Nice Bettas! Too bad i wouldnt be able to find time to grab one of those or i def would.


----------



## bettafanatic (Jan 13, 2011)

hello i will be at the octoberfish might be showing some of my betta's too but just really going to grab a couple betta's mainly females but i would love to take a look at your imports


----------



## bettaforu (Sep 6, 2009)

Welcome to come take a look at the ones in the Show, just say HI...I will be setting up around 9am, am short with red hair, can't miss me  just ask anyone for Anna.

Have a few people will be looking at them there, and the show doesn't start till 10 am, so still time to browse.

Good luck with your Bettas!

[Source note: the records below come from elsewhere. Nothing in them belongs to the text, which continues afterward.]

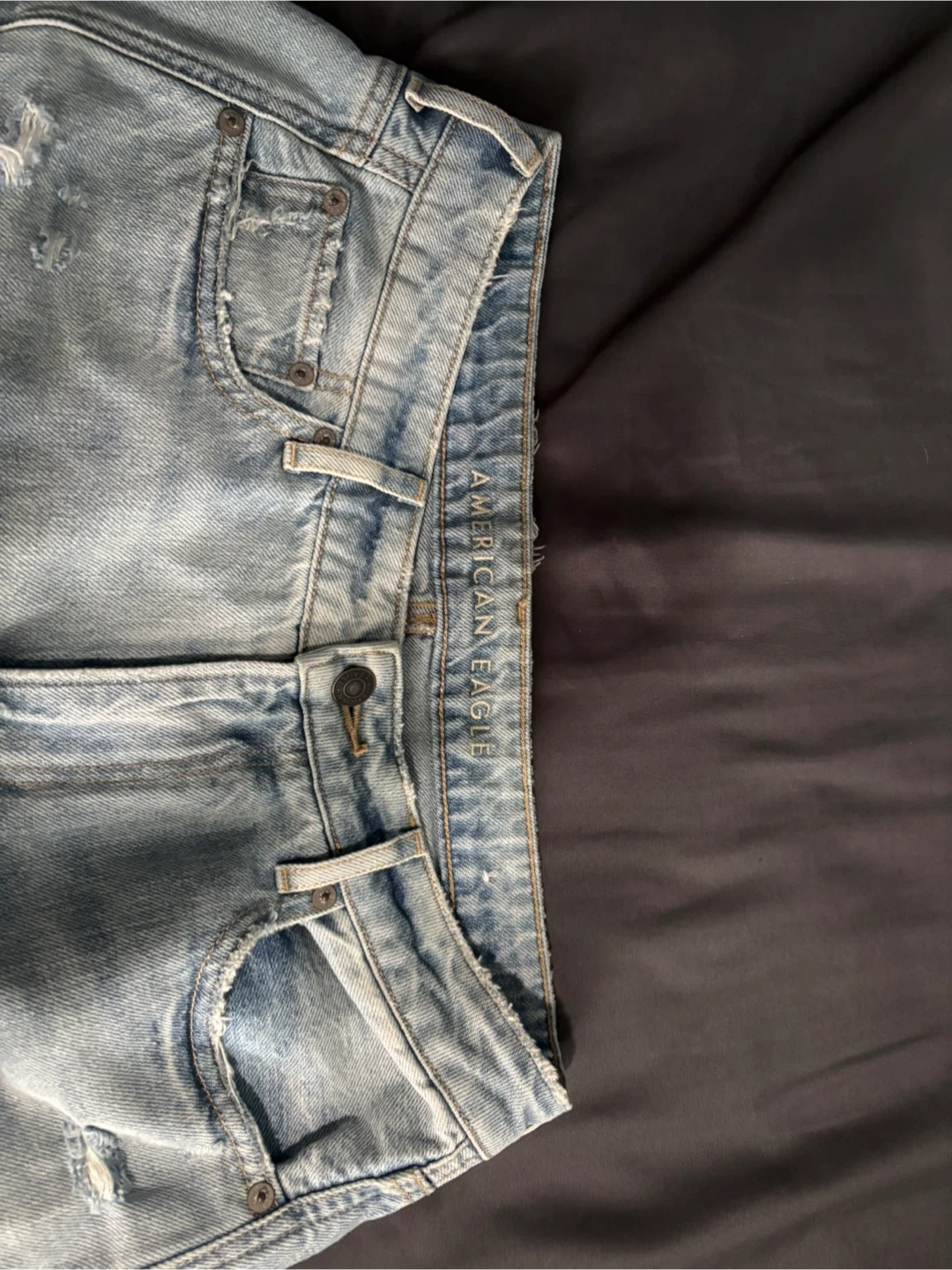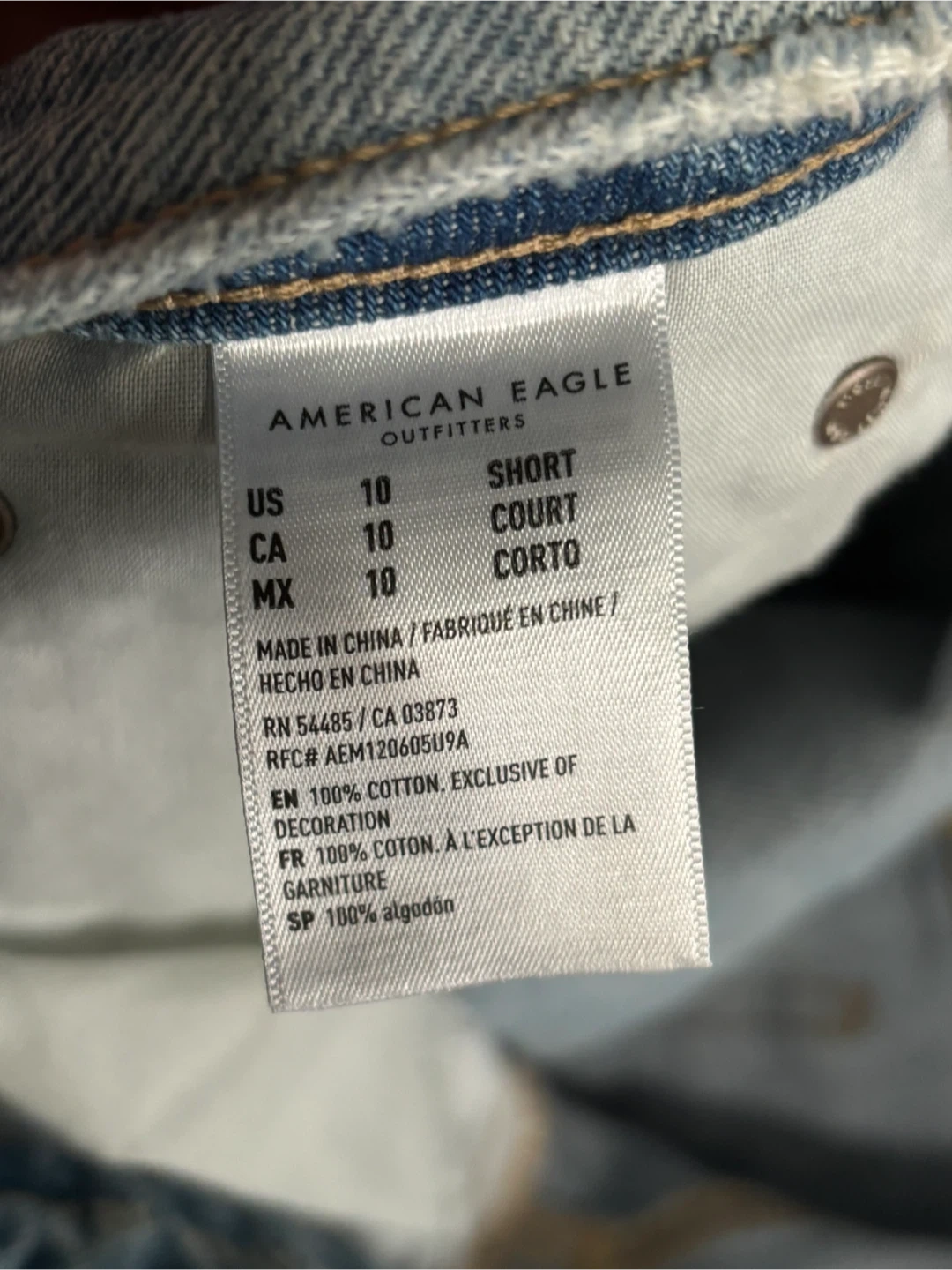These are light wash denim jeans from American Eagle Outfitters. They're 100% cotton. The size is 10 Short. Bought over a year or 2 ago but never worn.
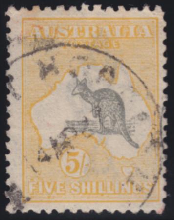 | 5/- Grey & Pale Yellow 3rd Wmk, ewe faced roo variety - position L10 BW 44D(V)n |
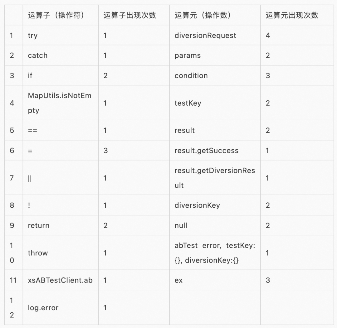 我们梳理这段代码中的预算子和运算元以及分别统计出其个数:
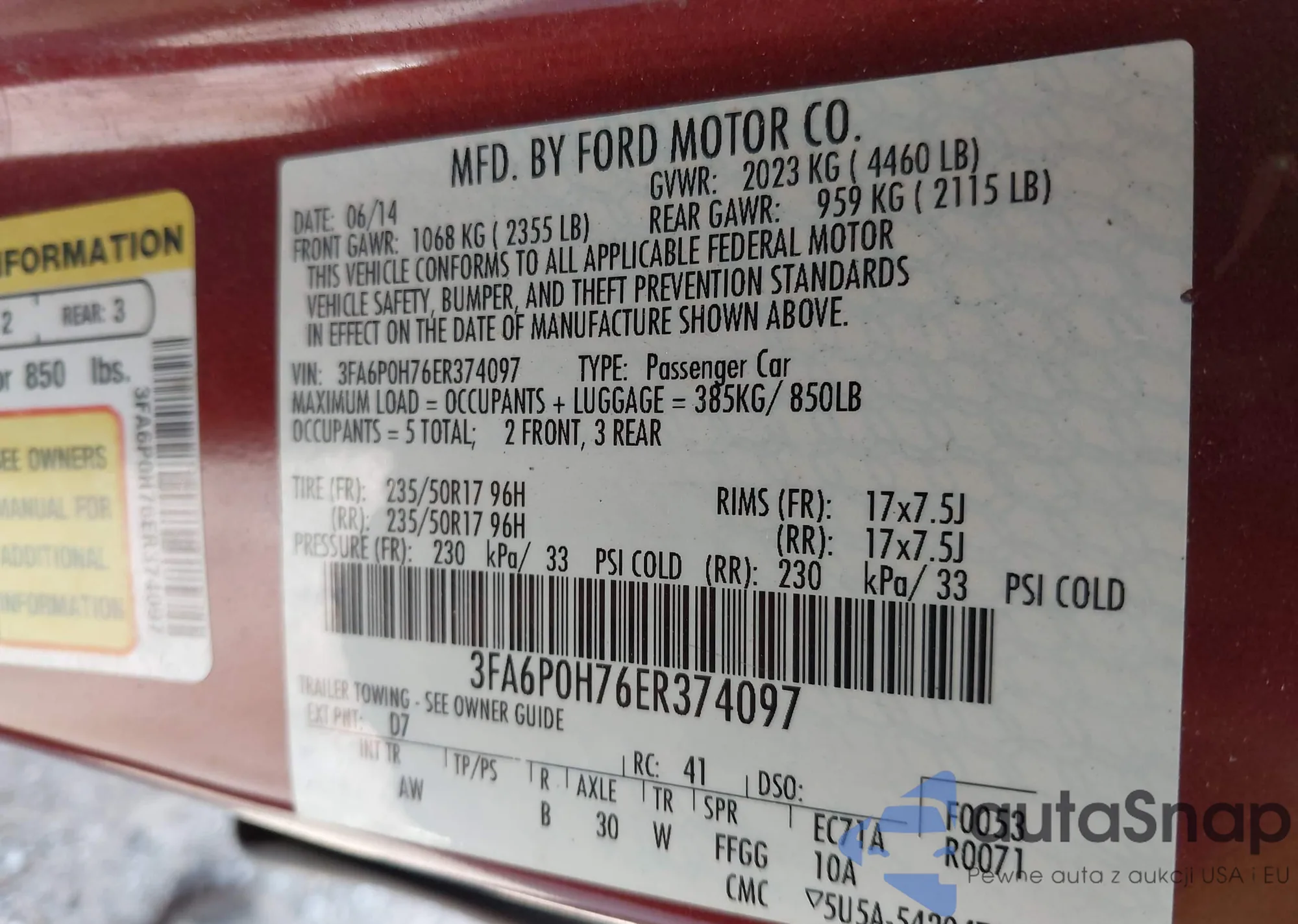 • VIN 3FA6P0H76ER374097
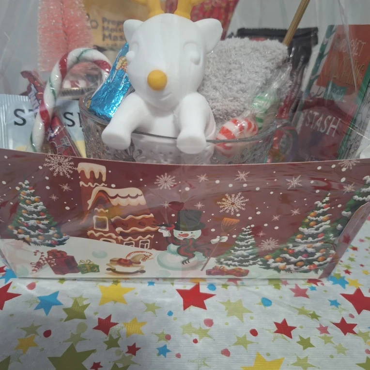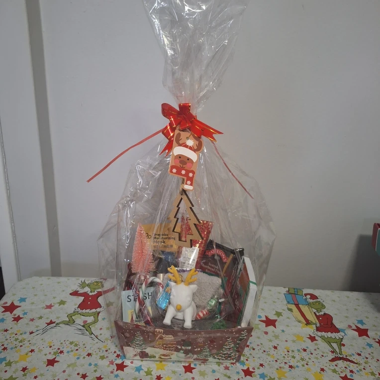 I have a festive holiday gift basket filled with various treats and goodies! It includes items like shortbread fingers, Orchard & Vine products, and other fun surprises. Perfect for a Christmas gift!
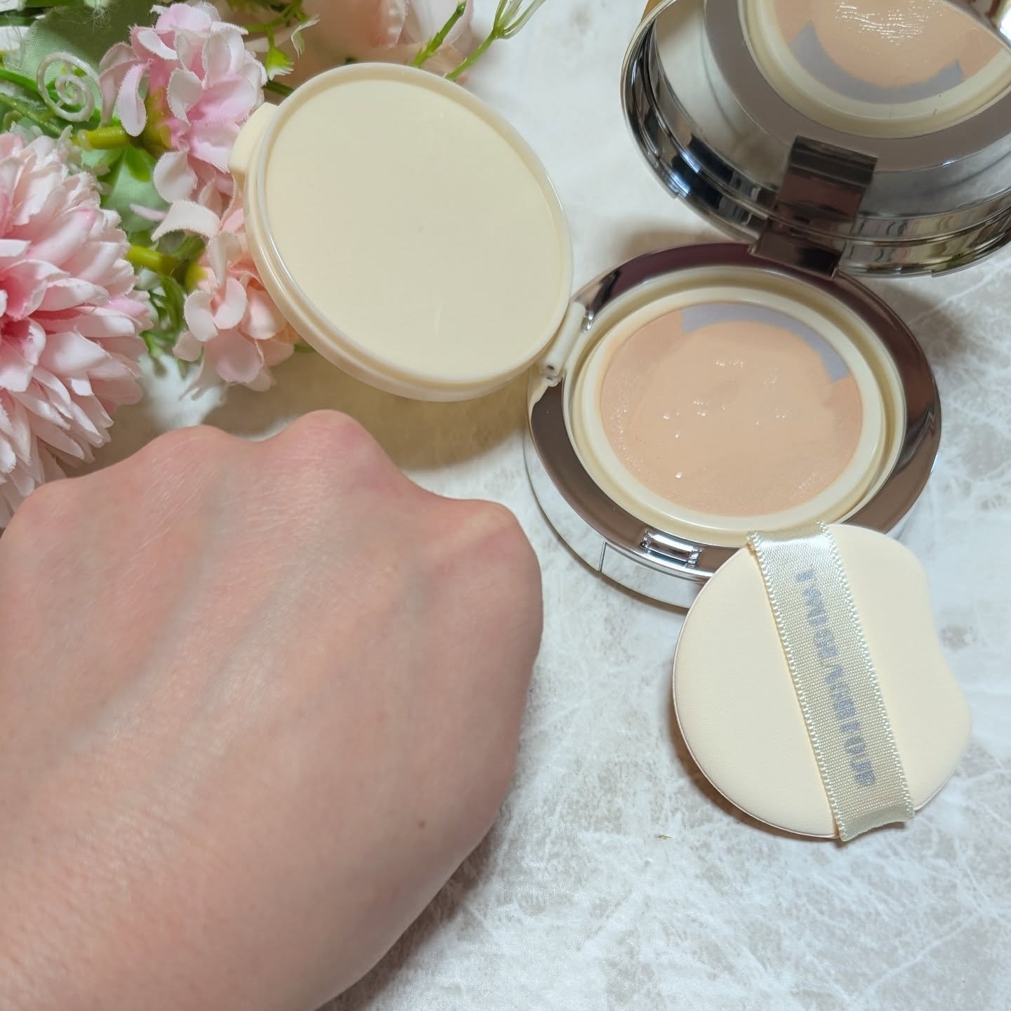 クッション部分はしっかりとファンデーションが染み込んでいて、触るとジュワッとするような感覚です。 ツヤ感のある綺麗な仕上がりで、カバー力もあるように思いますが厚塗り感がないのが嬉しいなと思います✨ 薄付きに仕上げられるのですが重ねても重たくならず、仕上がりがとにかく綺麗で肌への密着も良いように感じました。 付けていて肌への圧迫感も感じませんでしたし、使い心地も良くとても気に入りました😊
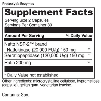 Healthy circulation is crucial for all of the body's systems, providing adequate oxygenation and nutrition to tissues and major organs. Nattokinase, produced from Natto, is an extract from Japanese fermented soy food that supports healthy veins, capillaries, and blood flow. Nattokinase and Serratiopeptidase are both fibrinolytic enzymes that break down fibrin in the blood. Fibrin is a protein by-product of blood coagulation caused by toxins, normal inflammation and injuries. The enzymes digest non-living tissue such as blood clots, and mucus.
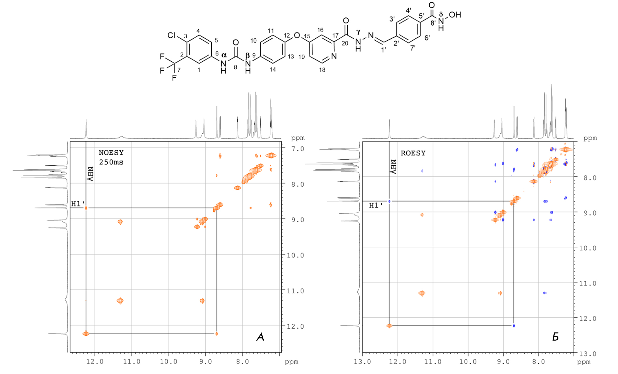 Fig. 3. The molecular structure of the (E)-isomer of SRF-H-BHA with atomic numbering as well as two-dimensional 1H spectra (A) NOESY at the mixing time of 0.25 s and (B) ROESY, 8 mg of SRF-H-BHA in DMSO-d6. Cross-peaks between the picolinoylhydrazone proton NHγ and proton H1′ at a double bond are shown. NOESY – Nuclear Overhauser Effect Spectroscopy, ROESY – Rotating frame Overhauser Effect Spectroscopy
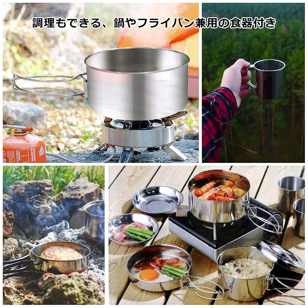 Samamixx アウトドアクッカー 14点セット キャンプ 鍋 皿 食器セット ステンレス メスキット コッヘル クッカーセット バーベキュー BBQ スタッキング可能 収納袋付き 2–3人に適応
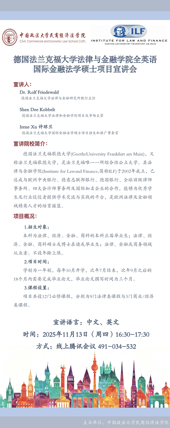 【活动预告】德国法兰克福大学法律与金融学院全英语国际金融法学硕士项目宣讲会

It should be a good sized show I think, there were quite a few last year....lots of competition!


----------



## bettaforu (Sep 6, 2009)

Please see update on what's left and the price on my 1st post. thanks


----------



## bettaforu (Sep 6, 2009)

My Orange/Black prize winner was beaten by another of my Bettas! He only got 2nd place to the gorgeous HUGE finned Blue Orange dragon boy! 

We won 1st and 2nd place Male Bettas, 1st and 2nd place Female Bettas and Best in Show with the Blue/orange dragon boy. What a great fun day it was.


----------



## Hitch (Apr 26, 2009)

bettaforu said:


> My Orange/Black prize winner was beaten by another of my Bettas! He only got 2nd place to the gorgeous HUGE finned Blue Orange dragon boy!
> 
> We won 1st and 2nd place Male Bettas, 1st and 2nd place Female Bettas and Best in Show with the Blue/orange dragon boy. What a great fun day it was.


thats great to hear. Congrats!!


----------